PROBLEM. Return only what runs from the line containing "- We have our" through the last line of the entries below, exactly, omitting pictures.

[Saved data entries]

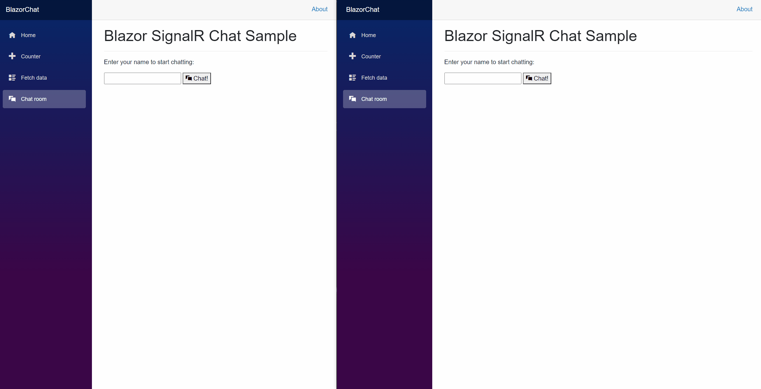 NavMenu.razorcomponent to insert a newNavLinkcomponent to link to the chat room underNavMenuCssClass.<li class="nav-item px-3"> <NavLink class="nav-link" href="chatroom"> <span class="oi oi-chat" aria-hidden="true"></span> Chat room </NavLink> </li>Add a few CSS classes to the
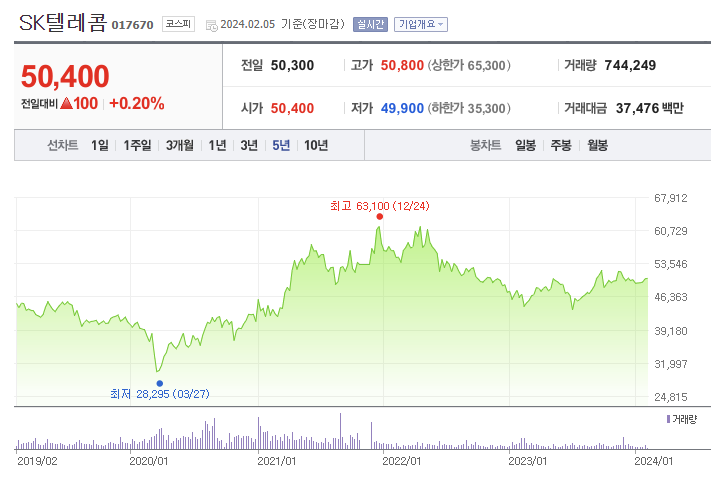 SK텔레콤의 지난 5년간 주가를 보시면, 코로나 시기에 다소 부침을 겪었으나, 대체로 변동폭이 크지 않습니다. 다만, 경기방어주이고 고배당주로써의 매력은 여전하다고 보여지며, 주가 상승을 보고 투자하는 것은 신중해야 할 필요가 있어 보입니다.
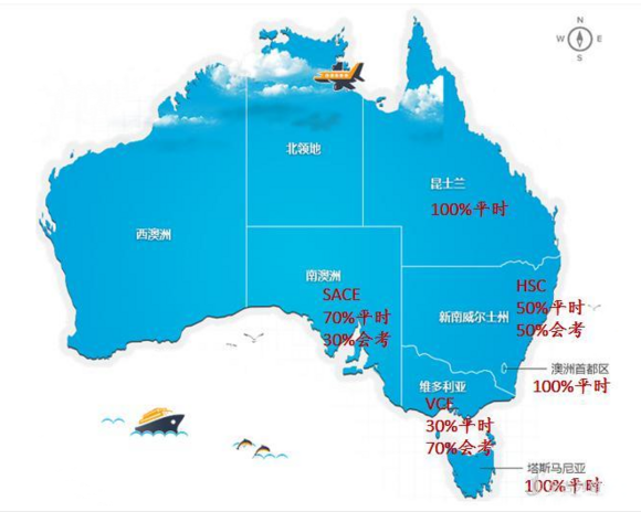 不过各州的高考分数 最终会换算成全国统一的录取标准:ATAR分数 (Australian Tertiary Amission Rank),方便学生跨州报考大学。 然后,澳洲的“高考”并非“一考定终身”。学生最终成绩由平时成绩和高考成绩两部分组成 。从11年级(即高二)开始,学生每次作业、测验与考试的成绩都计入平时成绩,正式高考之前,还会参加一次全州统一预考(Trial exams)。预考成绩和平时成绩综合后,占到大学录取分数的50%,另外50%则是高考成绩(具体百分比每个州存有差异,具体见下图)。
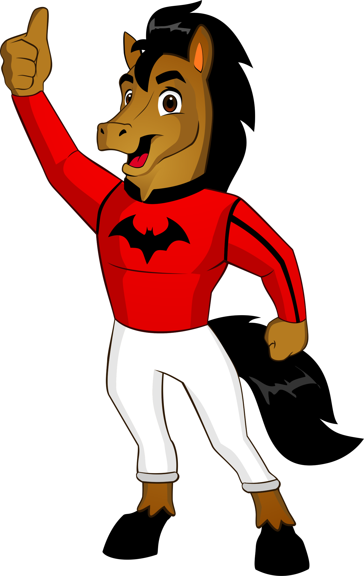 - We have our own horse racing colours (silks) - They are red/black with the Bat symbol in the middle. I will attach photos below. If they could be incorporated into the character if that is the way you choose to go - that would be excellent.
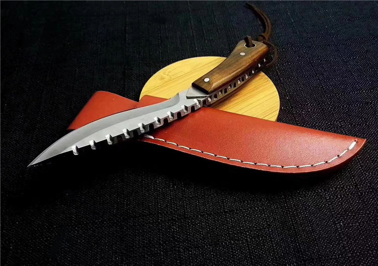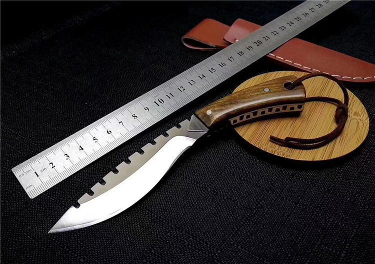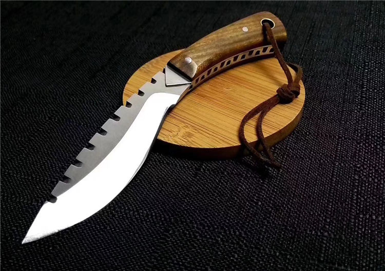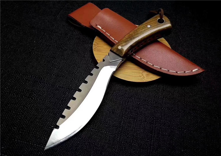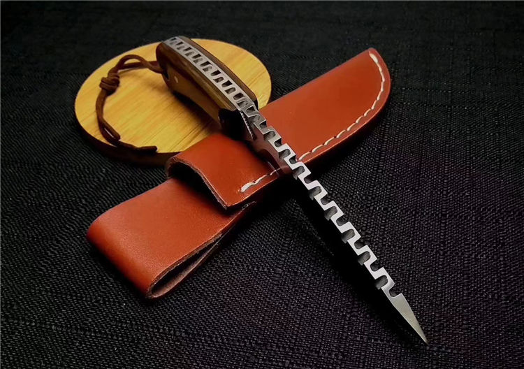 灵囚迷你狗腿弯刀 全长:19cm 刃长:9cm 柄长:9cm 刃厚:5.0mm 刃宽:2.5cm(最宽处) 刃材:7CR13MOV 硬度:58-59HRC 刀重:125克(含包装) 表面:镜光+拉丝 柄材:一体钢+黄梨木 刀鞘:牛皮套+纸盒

ANSWER FOR THE TASK.
 - We have our own horse racing colours (silks) - They are red/black with the Bat symbol in the middle. I will attach photos below. If they could be incorporated into the character if that is the way you choose to go - that would be excellent.
 灵囚迷你狗腿弯刀 全长:19cm 刃长:9cm 柄长:9cm 刃厚:5.0mm 刃宽:2.5cm(最宽处) 刃材:7CR13MOV 硬度:58-59HRC 刀重:125克(含包装) 表面:镜光+拉丝 柄材:一体钢+黄梨木 刀鞘:牛皮套+纸盒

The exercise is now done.